Thursday, 17 March 2011

Identity: Who are you? - Marriage & Singleness



FOCUS SCRIPTURE

1 Corinthians 7:1-9, 32-35

DAILY BYTE

There can be little doubt that one of the ways in which our identity continues to be defined in our contemporary culture is through the primary love relationships that we may or may not be in. Our ‘marital status’ - whether we are single, married, divorced or widowed - is a key determinant for how people relate to us, and indeed, how we think of ourselves.

One of the great gifts of marriage is the intimate union that it offers, where spouses can experience a profound interweaving of the deepest parts of who they are. Such union changes those who are married, and rightly and wonderfully so! But there’s also a danger inherent in such union - the danger that your very identity becomes exclusively wrapped up in your partner. This is NOT what God intends for the liberating bonds of marital love.

In Kahil Gibran’s famous poem on marriage, we read these challenging words:

Sing and dance together and be joyous, but let each one of you be alone, Even as the strings of a lute are alone though they quiver with the same music.
Give your hearts, but not into each other's keeping
For only the hand of Life can contain your hearts
And stand together yet not too near together:
For the pillars of the temple stand apart
And the oak tree and the cypress grow not in each other's shadow


When we allow our identity to be completely defined by our human relationships we can easily become diminished as a result. And then, when a partner is lost, either through the sadness of death or divorce, people can often find themselves utterly at sea, unsure of who they are, strangers within their own skin! Thankfully, by the grace of God, even the anguish of bereavement or the tragedy of divorce can become a seed of new life and the exciting discovery of a new sense of self.

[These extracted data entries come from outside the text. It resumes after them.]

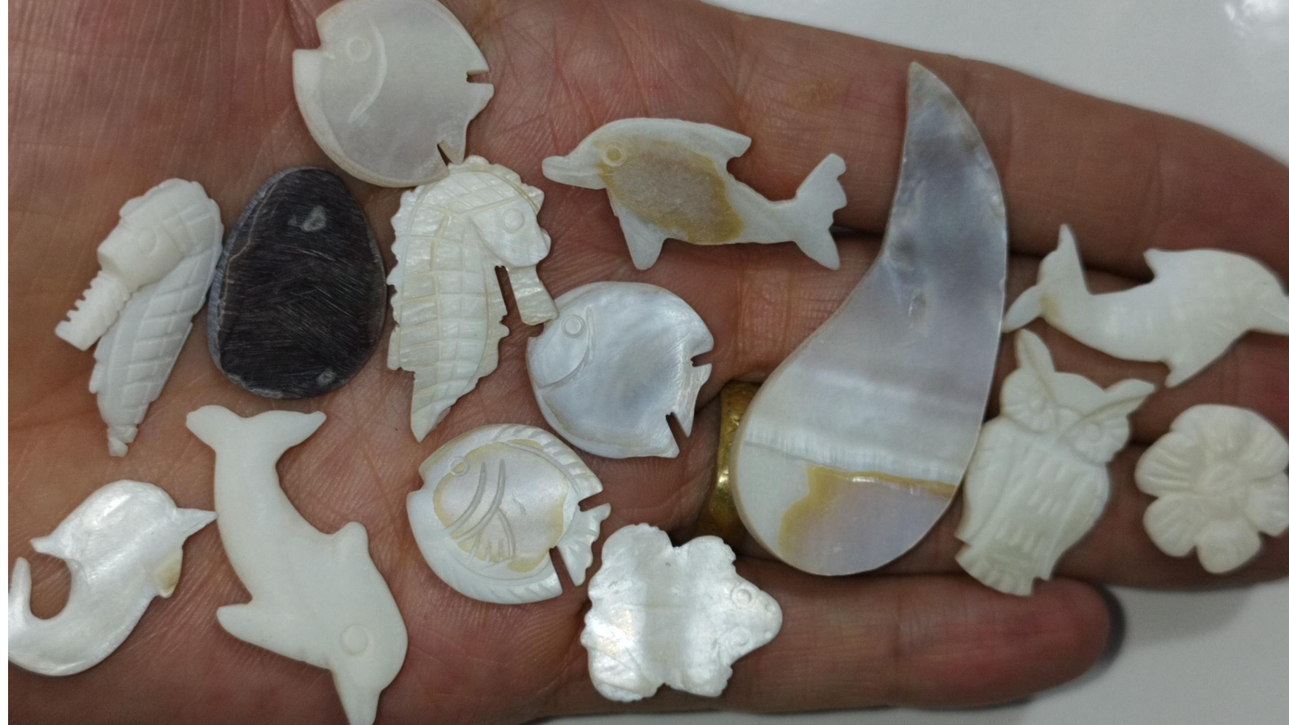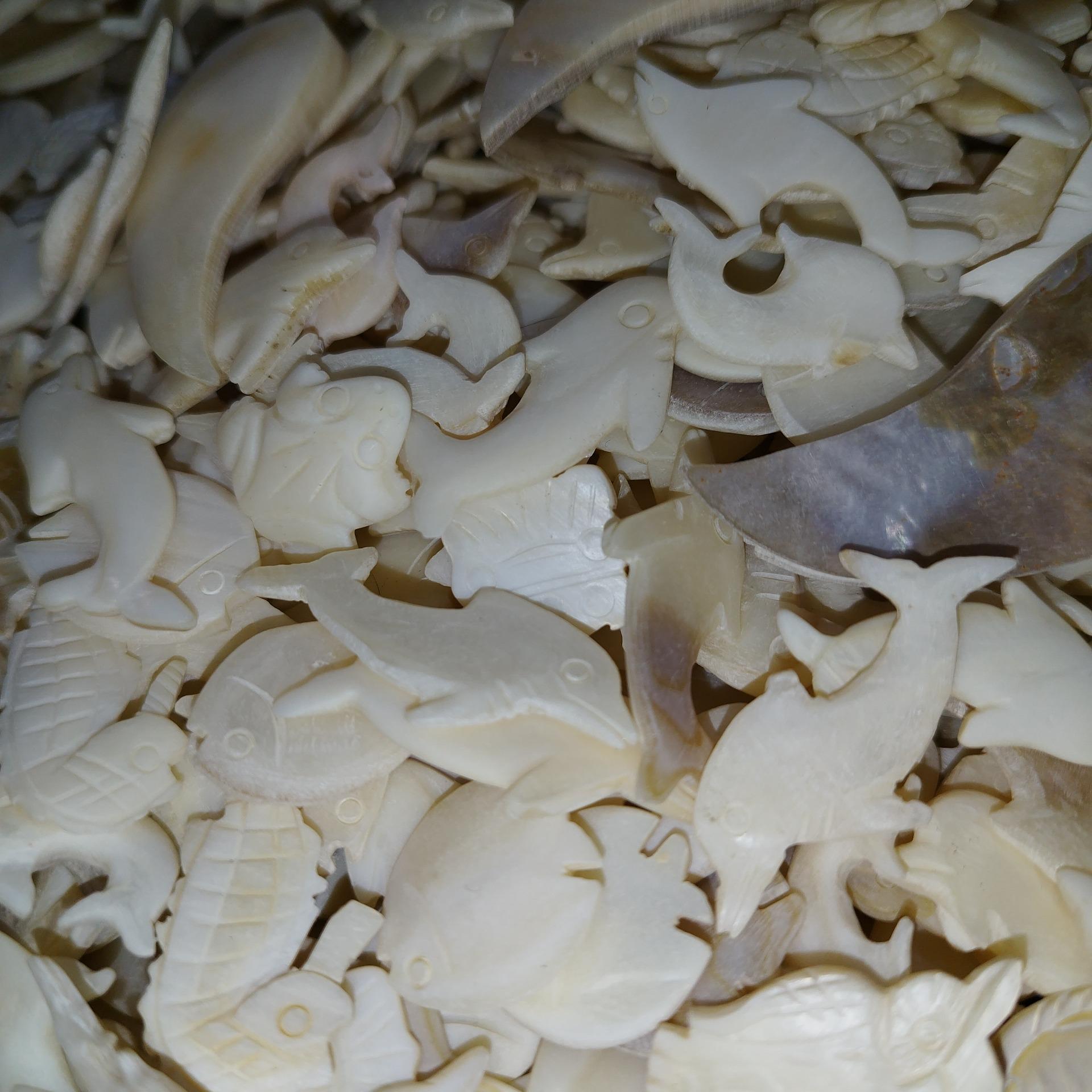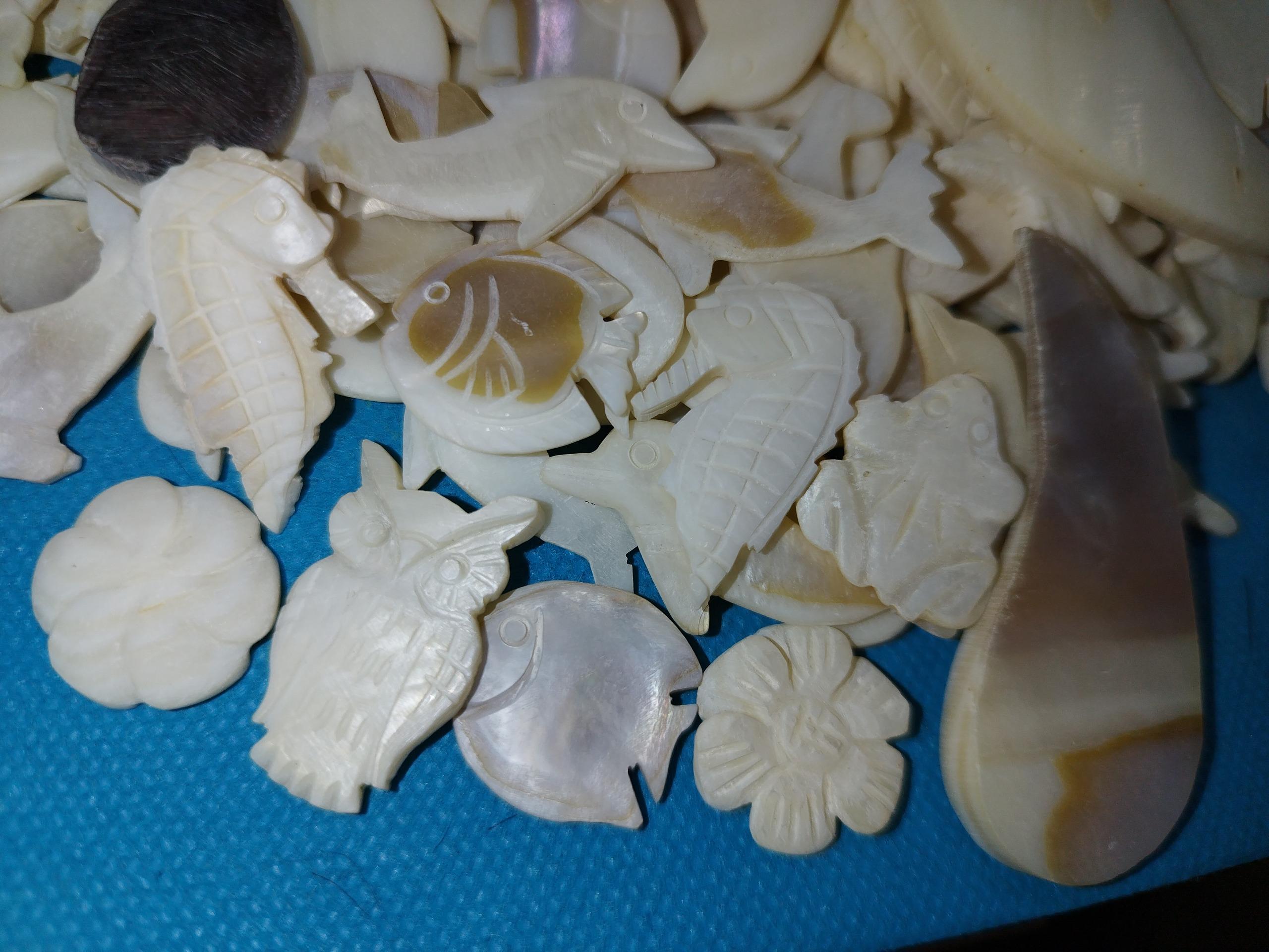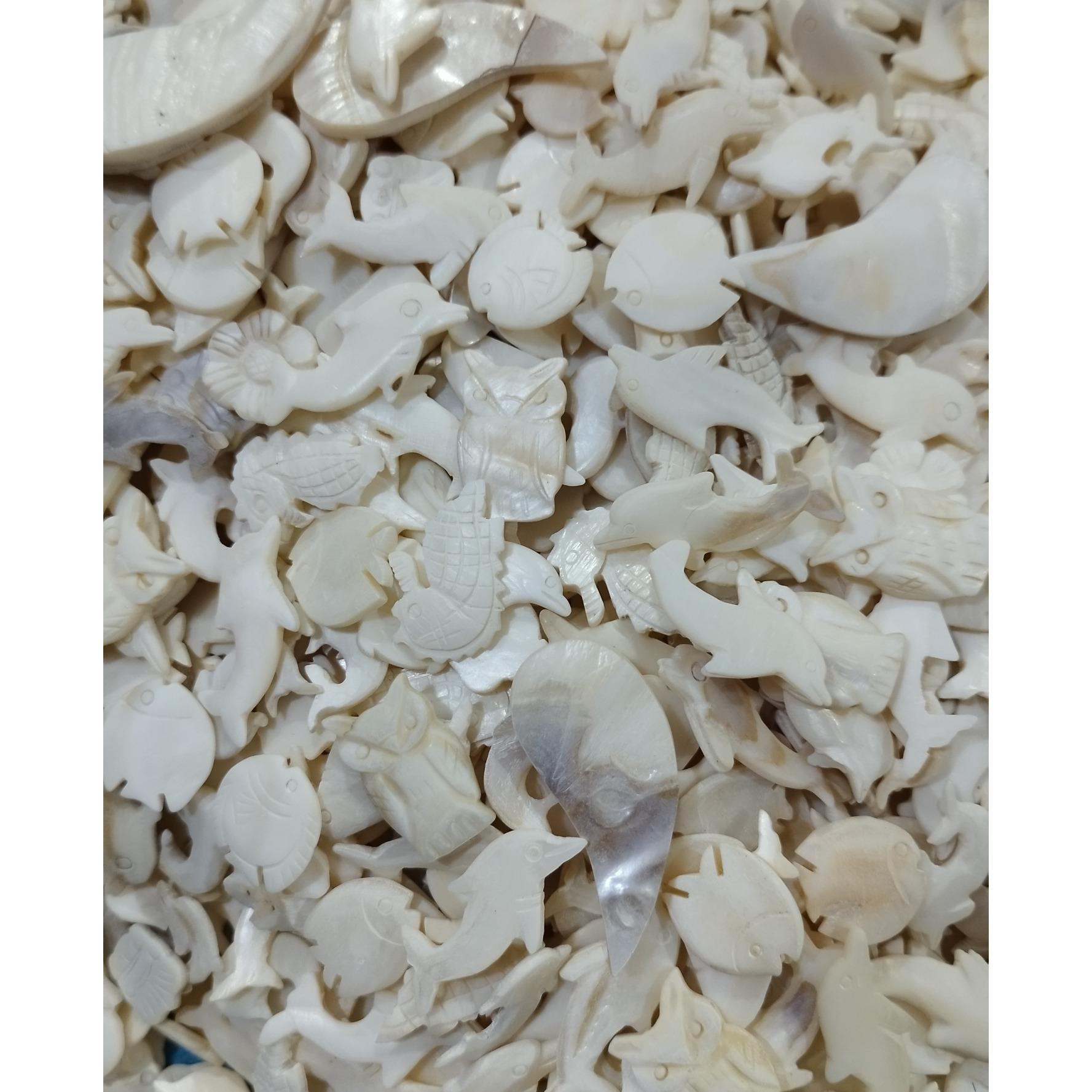 500عدد مجسمه تراش دستی صدف طبیعی مناسب برای ساخت آویز گردنبند و دستبند و زیورآلات و کارهای هنری دستساز
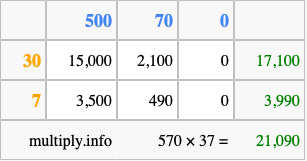 Below is an illustration showing you how to calculate 570 times 37 using the box method, using the instructions above.
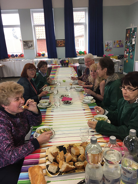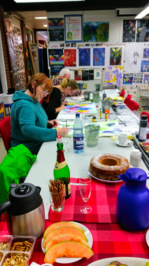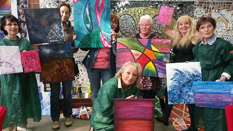 Nach dem gelungenen Oasentag im Januar diesen Jahres, beschlossen die Teilnehmerinnen dieses Event für Geist, Herz und Seele zu einer regelmäßigen Einrichtung in der Kunstschule Mittelweser werden zu lassen. Am 1. April trafen sich Frauen, die Lust auf die Entdeckung ihrer eigenen Kreativität hatten. Für viele Stunden durfte der Alltag einmal vergessen werden und tief in Farben und Wohlgefühl gebadet werden. Auch der Genuss von Leckereien kam bei diesem Treffen nicht zu kurz. Am Ende des Tages präsentierten die Damen stolz ihre gelungenen Schöpfungen.
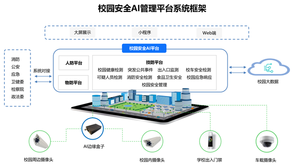 校園安全AI安全平臺基于實際的校園安全場景,構建基于物聯(lián)網、大數(shù)據(jù)和人工智能等新技術的AI管理平臺,為校園安全的日常管理工作提供智能化支撐。
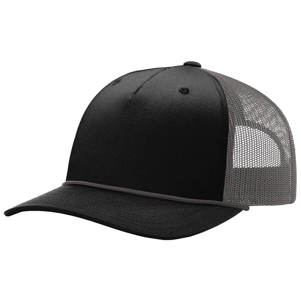 Richardson Black/Charcoal/Charcoal Split Five Panel Trucker Hat with Rope

Which brings us to those who are single - either through choice or circumstance. Singleness is often denigrated in our secular society as a lesser way of being - and yes, the church, to its shame, has often contributed to this warped view. But the scriptures remind us that singleness is a legitimate and godly way of being in the world through which we can be fully human and fully alive. Indeed, the Apostle Paul seems to express a preference for singleness over marriage, and holds up celibacy as a cherished gift to the church. Certainly, over the ages there have been countless examples of those whose singleness has been an essential part of their radical witness and single-minded devotion to God. (After all, when we think of Mother Teresa, we don’t say pityingly, “If only she had met her husband, then her life would have been complete!”)

The key, of course, for all of us - whether single or married - is knowing to whom we ultimately belong. And that is the God of love, the only One in whom our identity can ultimately be defined. For the deepest truth about us is that we have been created in love, by love, for love. This is the essence of who we are that needs to be embraced and lived if we are to become fully alive.

In concluding this reflection, listen to these insightful words of Shane Claiborne:

Our deepest longing is not for sex but for love. We can live without sex, but we cannot live without love. And there certainly are many folks who have a lot of sex but never find love, and others who may never have sex but who have found love and intimacy in the deepest core of their being. We are created to love and be loved. Marriage and biological family is a beautiful way to find love. But it is not the only place, and that is good news to the singles out there and to the many folks who do not find themselves attracted to the other gender. If our communities can create spaces where people can love and be loved as God has loved us, all the other stuff gets a little bit easier.

QUESTIONS FOR REFLECTION
  1. In what ways have you perhaps ‘lost yourself’ within your current relationship? What can you do to start regaining a fuller sense of who you are?
  2. If you’re married, how can you and your spouse be more aware, more including & more supportive of those whom you know who are single, widowed or divorced?
  3. If you’re single, what can you do to better support others who are single, or married couples whom you know?
PRAYER

God of tenderness and intimate love. You have made us in love, by love and for love. Herein lies our deepest identity. Thank you. We also thank you for the gift of those who love us and whom we can love in turn, particularly those who hold a special place in our hearts. Free us to give ourselves in loving, life-giving ways to others, and help us to remember that whether we’re in a committed relationship or not, it’s the quality of our loving that determines how fully alive we are. Amen.